Taxonomy and Data Source

The paper introduces a meticulous taxonomy for categorizing harmful content, which serves as a guideline for implementing guardrails in LLM systems. The taxonomy includes labels such as pornography, harassment, sexist, racist, religious insult, self-harm, psychiatric or mental illness, violence, and safe-for-work content. The data sources span social media platforms, public forums, and existing datasets, ensuring a comprehensive representation of harmful text in the Malaysian context.

Methodology

The authors employ a multi-faceted methodology incorporating manual labeling, knowledge distillation from LLMs, centroid-based filtering, sentiment polarity filtering, and active learning to construct an effectively labeled dataset. Notably, knowledge distillation leverages pre-trained LLMs like mistral-7b and MaLLaM-small to generate initial labels, which are later refined through manual annotation and active learning cycles.

Manual Labeling

Approximately 200 data points were manually annotated using Label Studio, ensuring high-quality baseline data for initial training phases.

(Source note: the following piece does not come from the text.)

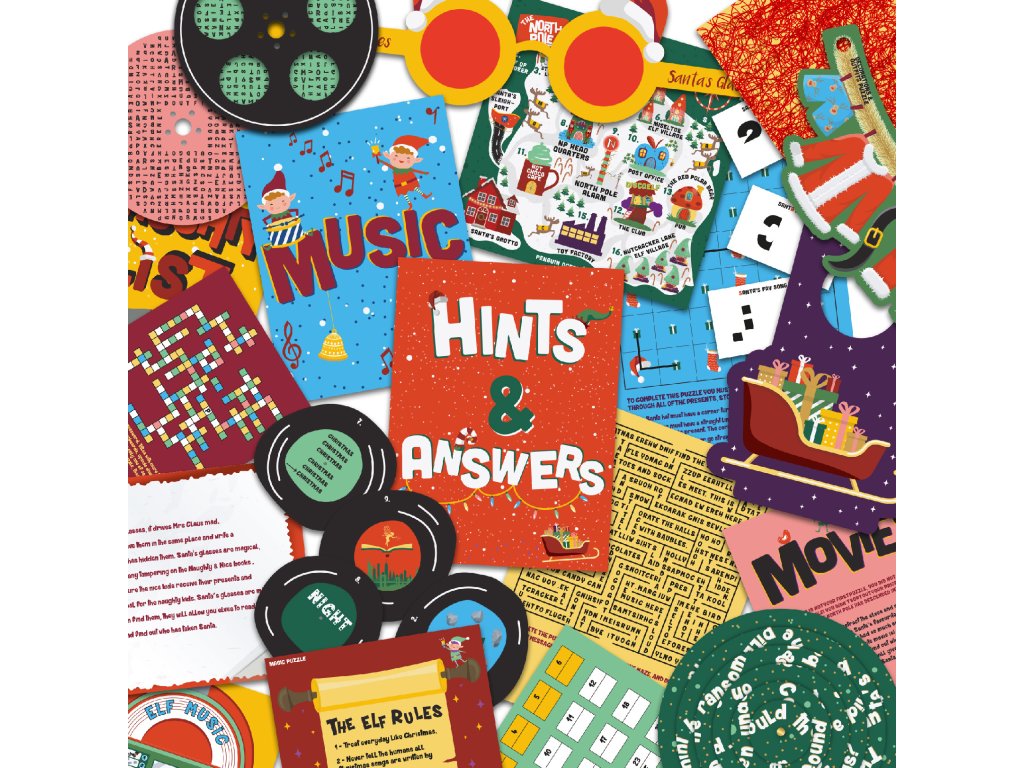Escape the north pole Description: Ho-ho-no! You’re trapped in the North Pole! This Christmas escape room will make you hold on for deer life as you work through the cheery challenges. Dims: 24x18.5x6.5cm Product Info: Host instructions, 6x puzzles, 1x Santa’s washing line puzzle, 1x Santa’s red glasses, 1x Naughty list grid puzzle, 2x festive greeting cards, 1x elf code sheet, 3x Pieces of ribbon, Host instructions and intro, Hints and answers booklet, 1x time sheet, 1x final door exit sleigh and 3x notepadsDoplňkové parametry

Knowledge Distillation and Centroid-Based Filtering

The annotated data is augmented via knowledge distillation from LLMs using a specific prompt to achieve consistent labeling. Further, centroid-based filtering is employed to eliminate outliers based on Euclidean distance computations, thereby enhancing the dataset's coherence.

Sentiment Polarity Filtering

To refine the data further, sentiment polarity filtering is applied, removing positively or neutrally connoted sentences from categories such as harassment or self-harm, ensuring the dataset contains only relevant negative instances.

Active Learning

Active learning is implemented iteratively, training the classifier on initially labeled data, using it to predict labels on unlabeled data, and refining the model until satisfactory performance is achieved.

Results and Analysis

The performance of various models is evaluated on the Malaysian NSFW dataset with metrics including accuracy, precision, recall, and F1 score. The mesolitica/malaysian-mistral-191M-MLM model emerged as the best performer, achieving an accuracy of 0.8768, and demonstrating strong precision, recall, and F1 score. The robustness of the model can be attributed to the LLM2Vec approach, enabling it to act as a powerful text encoder in an unsupervised fashion.

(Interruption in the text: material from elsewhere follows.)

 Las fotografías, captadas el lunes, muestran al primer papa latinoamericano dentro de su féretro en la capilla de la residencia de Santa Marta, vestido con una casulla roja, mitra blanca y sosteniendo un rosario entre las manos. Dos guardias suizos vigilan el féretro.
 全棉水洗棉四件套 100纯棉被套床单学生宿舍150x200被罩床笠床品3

The authors also provide a comprehensive analysis through 2D embedding visualizations using UMAP and topic modeling via TFIDF-LDA, capturing the nuanced vocabulary associated with each label. Word clouds further illustrate the predominant terms within each category, highlighting the model's efficacy in identifying harmful content types.

Conclusion and Implications

This paper represents a pioneering effort in developing an SFW classifier for the Malaysian language, contributing significantly to the field of AI safety and content moderation. The methodology demonstrates a sophisticated integration of manual annotation, advanced NLP techniques, and iterative learning processes, setting a precedent for future work in non-English language NLP applications.

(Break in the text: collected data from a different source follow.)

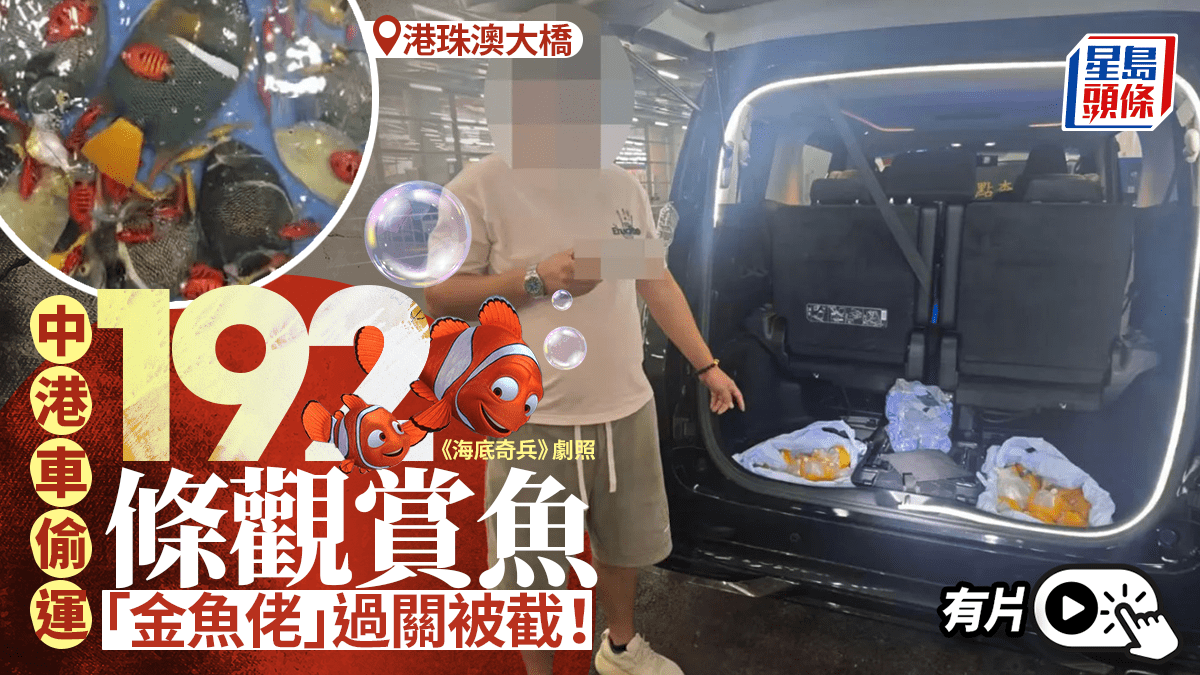 中國海關總署官方微博「海關發布」通報一宗涉及中港七人車經港珠澳大橋,偷運192條觀賞魚(俗稱金魚)返內地的案件。
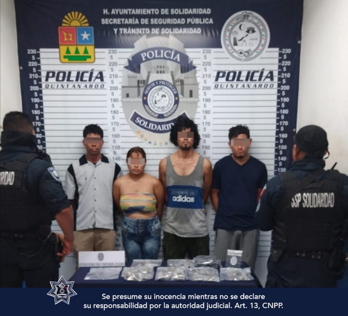 PLAYA DEL CARMEN.- Policías de la Secretaría de Seguridad Pública y Tránsito Municipal de Solidaridad aseguraron a 4 personas en posesión de 56 bolsitas con posibles narcóticos en una acción de respuesta inmediata como parte del reforzamiento de la seguridad en la colonia Colosio.
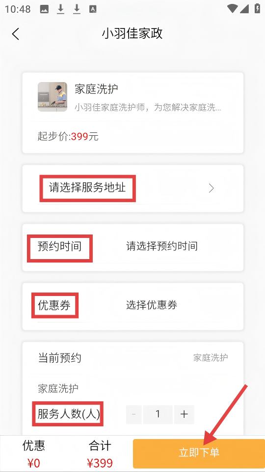 4、在【小羽佳家政】的下单页面,填写【服务地址】【预约时间】【优惠券】等信息后,点击【立即下单】。

The implications of this research are multifaceted. Practically, it provides a framework for deploying LLMs in diverse linguistic contexts with enhanced safety measures, crucial for applications in multilingual societies. Theoretically, it opens avenues for further exploration into LLM adaptations across varying languages and cultural contexts, potentially advancing the state of cross-lingual NLP alignment in AI safety.

As LLMs continue to evolve, the focus on inclusive, multilingual, and culturally aware safety mechanisms will be paramount. Future developments may include refining classifiers to better handle nuanced variations in harmful content across languages and integrating these systems seamlessly into broader LLM-Ops frameworks.

This paper sets a critical foundational step towards safer AI deployment in the Malaysian context, paving the way for more inclusive and effective content moderation mechanisms in the global landscape of LLMs.